The only other man to have won the Ironman world championship six times is Dave Scott, who agrees with Allen on the importance of monitoring heart rate during training. “There is still a lot of relevance for triathletes in heart training,” says Scott. “This information, definitely, has a place in the training toolbox. The heart rate monitor, really, is every person’s tool. “The universal tool you can use across the board is the heart rate monitor because it’s so adaptable. The power meter, on the other hand, while a fabulous tool, is expensive and definitely has limitations, cost being one of them.”

Scott notes that, due to the simplicity of using heart rate, even if an athlete doesn’t know how to use it properly, it can still be very beneficial. He reiterates that by cross-referencing heart rate data with speed and time, an athlete has a powerful, cost-effective tool.

It’s in hot and humid conditions that Scott really subscribes to heart rate usage. “In hot areas, you need sufficient recovery time to allow the heart rate to come back down, typically to 30 to 40 beats below lactate threshold, and this is where monitoring bpm can be very advantageous.” For Scott, a heart rate monitor is a great way to “governor the system.”

Scott also points out that for short, intense training segments of under three minutes, heart rate lag is an issue, so he recommends not using heart rate to gauge such short efforts – speed should dictate the intensity. When increasing the interval length to beyond 15 minutes, which taps a mix of the aerobic and anaerobic systems, Scott advises using various tools to monitor the intensity, including heart rate.

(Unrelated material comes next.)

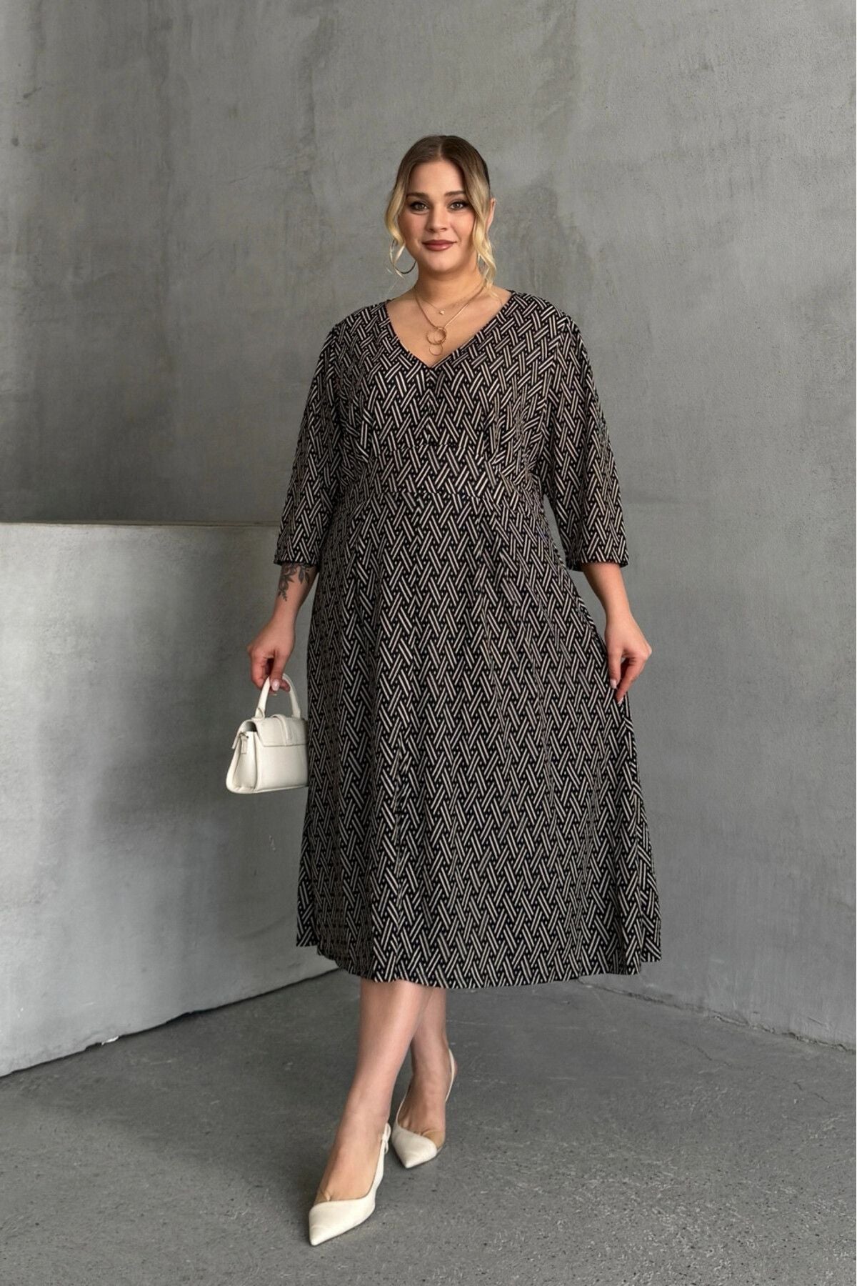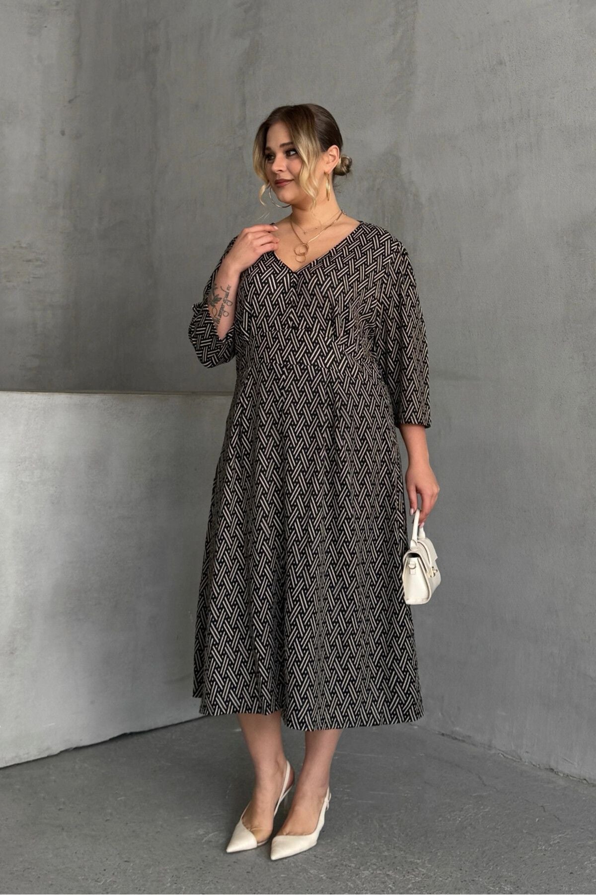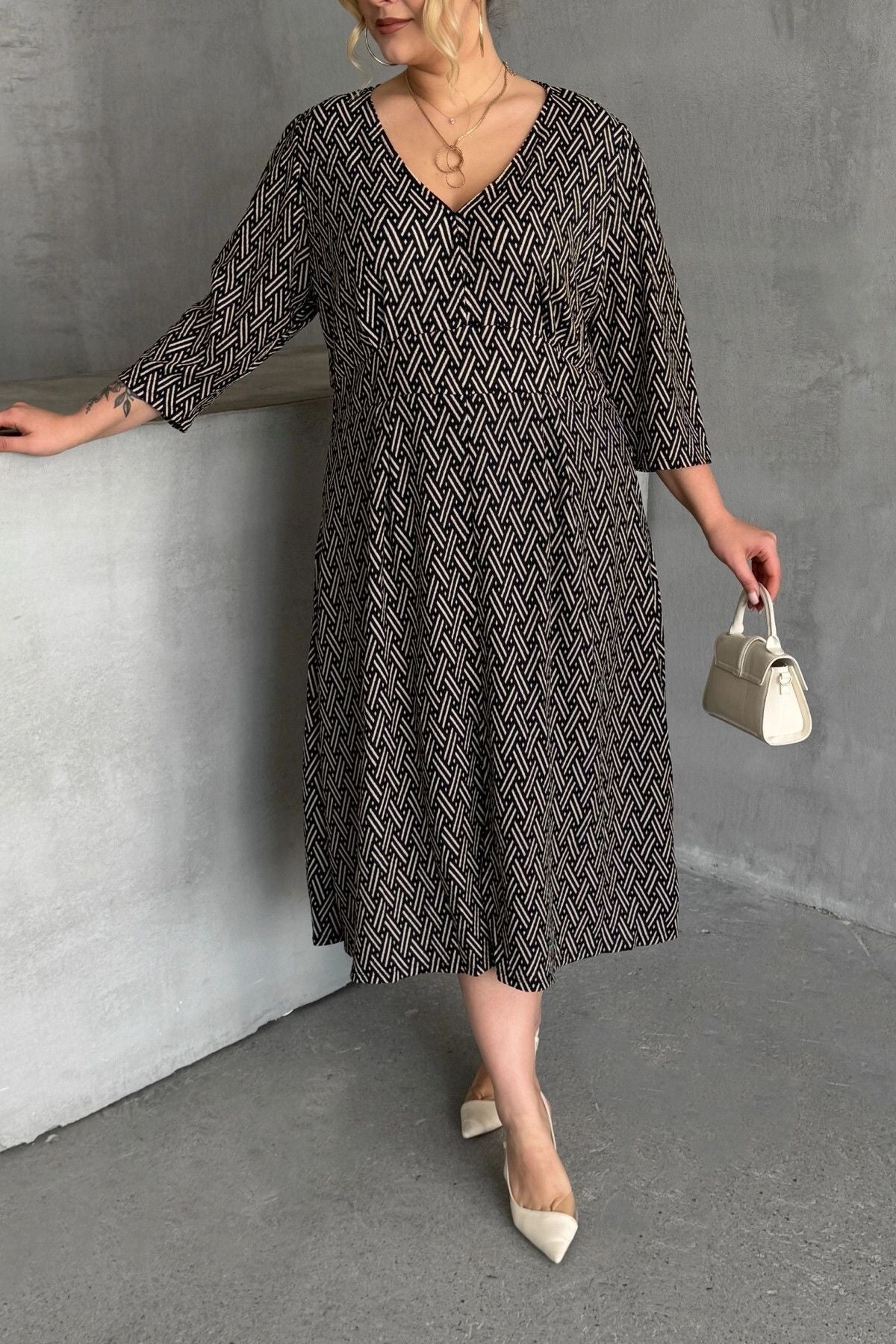 שמלה במידות גדולות צווארון V שסעים בצדדים עם הדפס שרוול 3/4 מידי MSD-25123

Related: Power vs. heart rate: Which is the better tool for training?

It is worth noting that neither Allen or Scott overly critiqued the use of other modern-day metrics to determine training intensities. Both readily acknowledge they deserve a place in endurance sports. Both agreed, however, that using these metrics, including power, lactate threshold and other measures, lose their effectiveness without cross-referencing these numbers with a fundamental baseline – that baseline being heart rate readings.

The words “gold standard” and “universal tool” ring loud from two legends of our sport. It seems my local bike shop owner, in his haste for techno-progress, may well be disregarding the most valuable – and the original – metric of workout intensity.